In a country where almost half of the population is out of employment at any given time, what are the chances a school drop-out will find a job?
In a nation where people walk long distances to church services, what option is there for someone who is mobility impaired, and weights too much to be carried?
In a realm where people must carry their groceries long distances from the store to their village, how can one that is impaired carry things and crawl along the road at the same time?
It is a land where school children often walk 10 or 12 kilometers just to get to school, then at the end of the day the same distance back home.
It is an all-too-common problem. Reaching what seems like the end of your life before you are out of your teens. Closed inside a mud walled, thatched roof, dark, damp, and dingy jail house for what may the rest of your life. Friends disappear. Hope fades, hopelessness sets in, and there is no place and no one to whom you can turn. Your family can’t help you, the village can’t support you. You drop out of school, out of life, out of touch. You don’t leave the house, and even when you do try to go outside, crawling on the ground is your only option. Rain, mud, dirt, dust, animal, and dog (You know what).
Your father is the song leader at a local church, and you try to hang on. You focus on crawling, crawling, crawling for nearly a mile to where he goes. Then one day you crawl all the way to Madisi, a 15-minute drive from your home, but literally hours for you to crawl.

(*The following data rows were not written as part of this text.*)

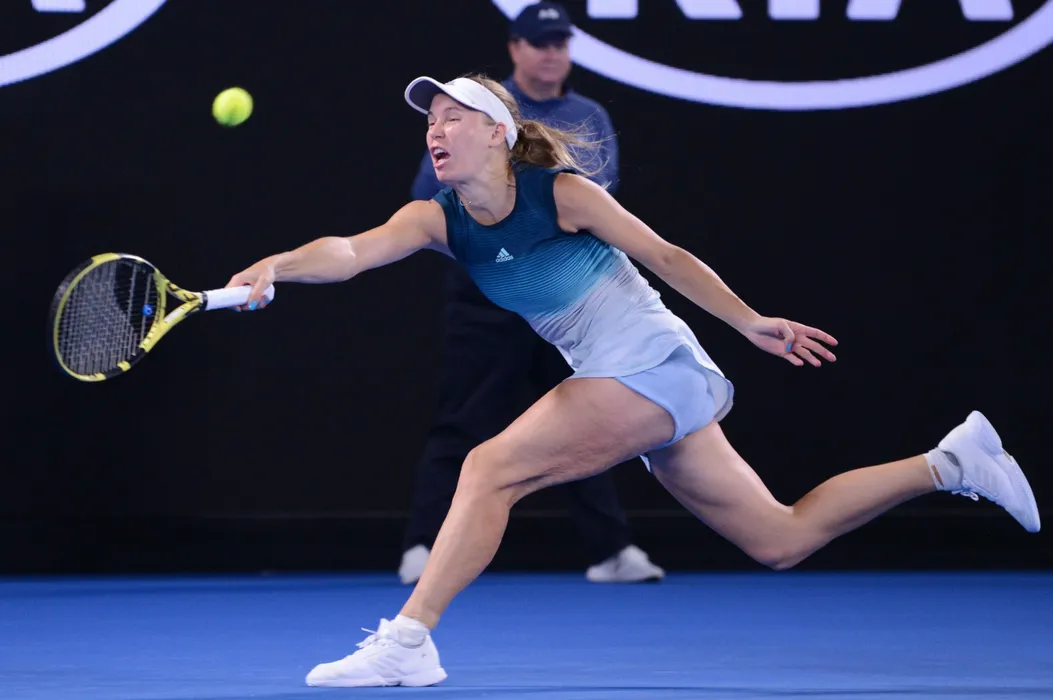 MELBOURNE, AUSTRALIA - JANUARY 18: Caroline Wozniacki of Denmark in action against Maria Sharapova of Russia (not seen) during Australian Open 2019 Women's Singles match in Melbourne, Australia on January 18, 2019. Recep Sakar / Anadolu Agency/ABACAPRESS.COM
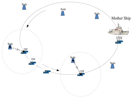 In order to save energy and complete the long-term underwater monitoring tasks, we implement the method of USV mobile collecting nodes data instead of the method of inter-nodes underwater acoustic communication, as shown in Figure 1.
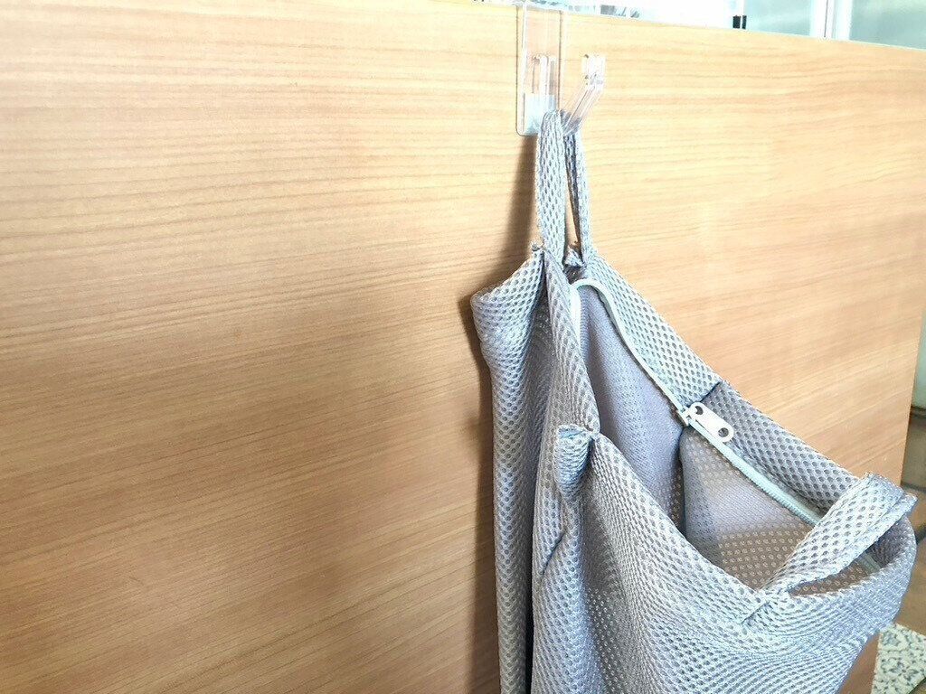 浴室前の脱衣スペースに洗濯ネットをフックでかけておけば、小さな子どもにも簡単に服を入れられるので、家族みんなで協力して取り組めますよ。
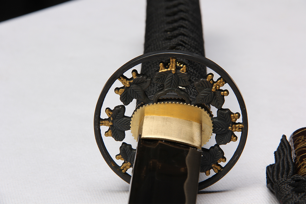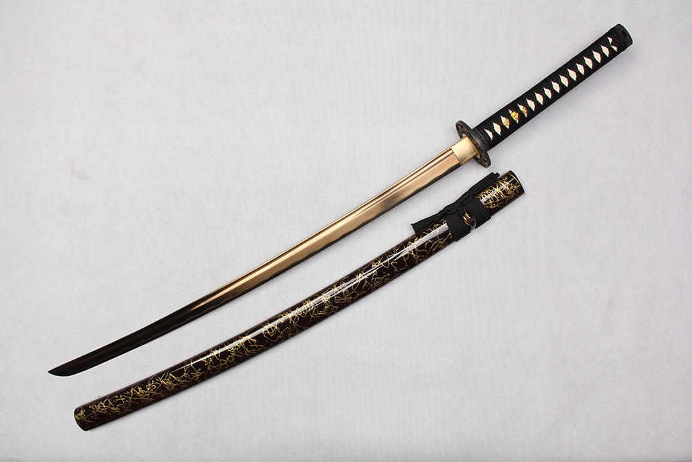28寸手工刀全長(zhǎng):104cm 刃長(zhǎng):68cm 柄長(zhǎng):28cm刃材:1045鋼有槽電鍍金色有花口有切線柄材:實(shí)木 繞黑色帶+仿魚(yú)皮鞘材:實(shí)木深咖色拉金絲 繞黑色帶配件:鋅合金包裝:雙瓦紙盒 帶黑布袋
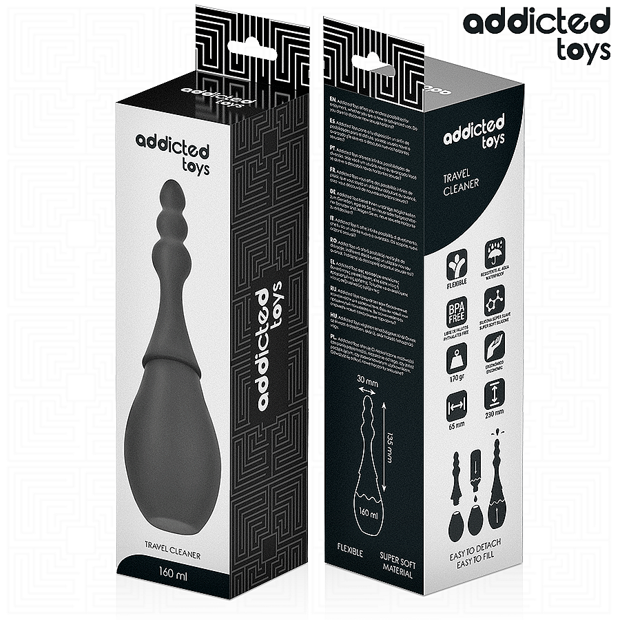 The Addicted Toys Travel Cleaner Silicone Model 4 anal shower is designed for comfortable and thorough rinsing before and after intimate moments. With a total height of 230 mm, it holds well and allows for precise, controlled application. The insertion length of 135 mm safely reaches the required depth and ensures effective rinsing. The 100 mm high balloon fits in your hand and allows you to sensitively regulate the pressure. The 65 mm balloon width provides sufficient volume for a smooth rinse without unnecessary interruptions. The 30 mm wide attachment supports a smooth flow, so cleaning is fast and comfortable. The 160 ml capacity is enough for several short cycles without the need for frequent refilling. The durable silicone design is soft to the touch, easy to maintain and ideal for travel thanks to its compact dimensions and ergonomic shape.
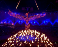 Η εμφάνιση ενός γιγαντιαίου φοίνικα πάνω από τον ολυμπιακό βωμό συνοδεύτηκε μουσικά από τους “Take That”
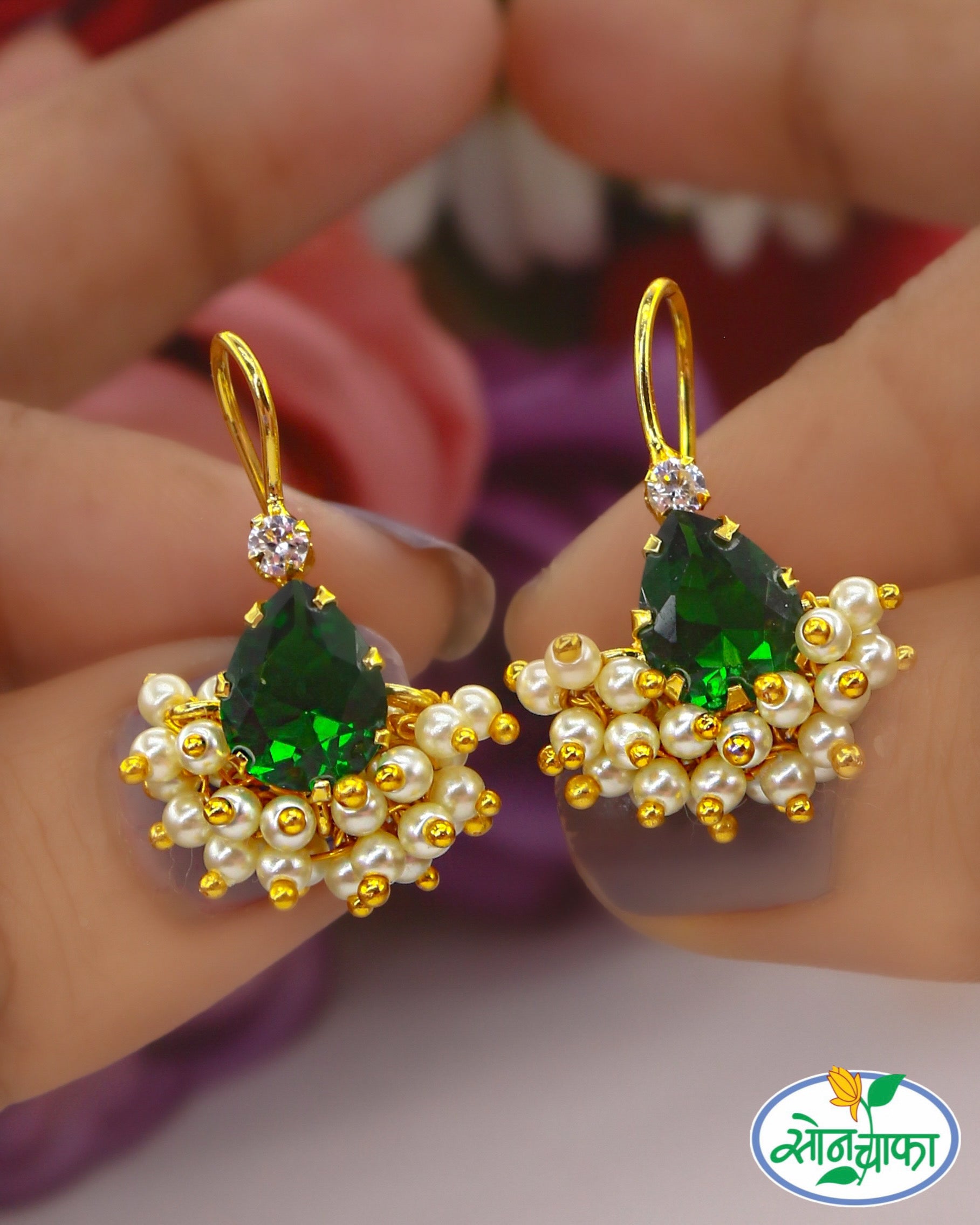 Sonchafa Jewellery offers this Dazzling pair of bugadi earrings at low price. These bugadi earrings are embedded with green colour stones and styled with pearl beads. They are crafted from superior quality metal and ensure high durability.

While you are away the team from Action for Progress reaches your house. Who are they? What do they want? Why are they here? You wonder many thoughts as you crawl back toward the house, watching these guys who have come to visit. You reach the house worn, weary, and thirsty. It is just too far. You are exhausted.
Then something is said. Something is done. Something is unwrapped from the box. Everything changes in a split second. The exhaustion begins to leave you. They say they have come to bring you a new mobility unit with which to get around. Get around. No longer on the ground. Like my friends get around. In a moment all of life turns, turns from the deepest form of darkness to a delirious form of excitement. Now what can I do? I can do anything!
“I think I want to start a grocery store,” says young Mpahatso Watson of Dowa. “That is what I will do. I will start a grocery store.”